Transfusion-Related Acute Lung Injury (TRALI) is acute respiratory distress within six hours of transfusion, characterized by fever, hypoxia, hypotension, and bilateral infiltrates without circulatory overload. The main pathophysiological mechanism is immune-mediated, involving donor anti-HLA antibodies activating recipient neutrophils, triggering cytokine release, endothelial injury, and capillary leakage. These antibodies often arise from alloantigen exposure, especially in multiparous women. We report two HIV-positive patients on mechanical ventilation for opportunistic infections, who developed TRALI after transfusion of one Packed Red Blood Cell (PRBC) unit from female donors considered low-risk.

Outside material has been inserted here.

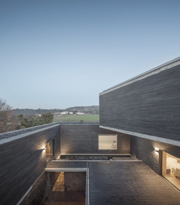 Inside, natural light cuts through courtyards and voids, animating the weight of the materials. The dark exterior mass opens into luminous interiors that shift in tone as daylight filters through.

Case 1: A 55-year-old woman, newly diagnosed with HIV and antiretroviral treatment-naive, was admitted with CMV meningitis and suspected pneumocystosis with possible TB coinfection. She developed acute kidney injury, likely from sulfamethoxazole-trimethoprim or iodinated contrast, and ventilator-associated pneumonia. After clinical improvement, she received one PRBC unit during hemodialysis for Hb 6.2 g/dL and Hct 17.9%. One hour post-transfusion, she developed acute respiratory distress, crackles, and desaturation despite optimized ventilation, diuretics, and steroids. Echocardiogram excluded pulmonary embolism and volume overload. She progressed to severe hypotension, bradycardia, and cardiopulmonary arrest. The blood center investigation revealed a nulliparous female donor with repeated donations. HLA testing showed donor anti-HLA Class I antibody A30:01 and recipient allele A30:EUCZR, indicating strong immunogenetic compatibility. Case 2: A 20-year-old man, newly diagnosed with HIV and antiretroviral treatment-naive, on mechanical ventilation for pneumocystosis and TB, experienced ventilatory worsening after bronchoaspiration, requiring vasopressors and antimicrobials. With Hb 6.8 g/dL and Hct 20.1%, he received one PRBC unit. One hour after transfusion began, he developed sudden respiratory deterioration, requiring ventilation adjustments and prone positioning. Chest X-Ray showed novel bilateral infiltrates; echocardiogram ruled out volume overload, and fluid balance was negative. He died from multifactorial causes. The donor was a phenotyped woman with one prior pregnancy and previous donations.

TRALI is rare but potentially fatal, with mortality of 5%–10%, especially in critically ill or ventilated patients. Early recognition and donor screening are essential. Brazilian guidelines classify both donors as low-risk (nulliparous or ≤2 pregnancies) and thus not restricted from donation. In Case 1, HLA compatibility supports immune-mediated TRALI; in Case 2, clinical features suggest TRALI despite no detected antibodies. Major patient-related risk factors include age, female sex, smoking, alcohol use, positive fluid balance, pre-transfusion shock, sepsis, malignancies, cardiac disease, and mechanical ventilation.[1] HIV is not a proven independent risk factor, but comorbidities in PLHA may predispose to TRALI. Conclusion: These cases demonstrate TRALI can arise from donors traditionally considered low-risk, highlighting the need to explore non-immunological mechanisms, including red blood cell factors. In critically ill PLHA, high clinical suspicion for TRALI is warranted.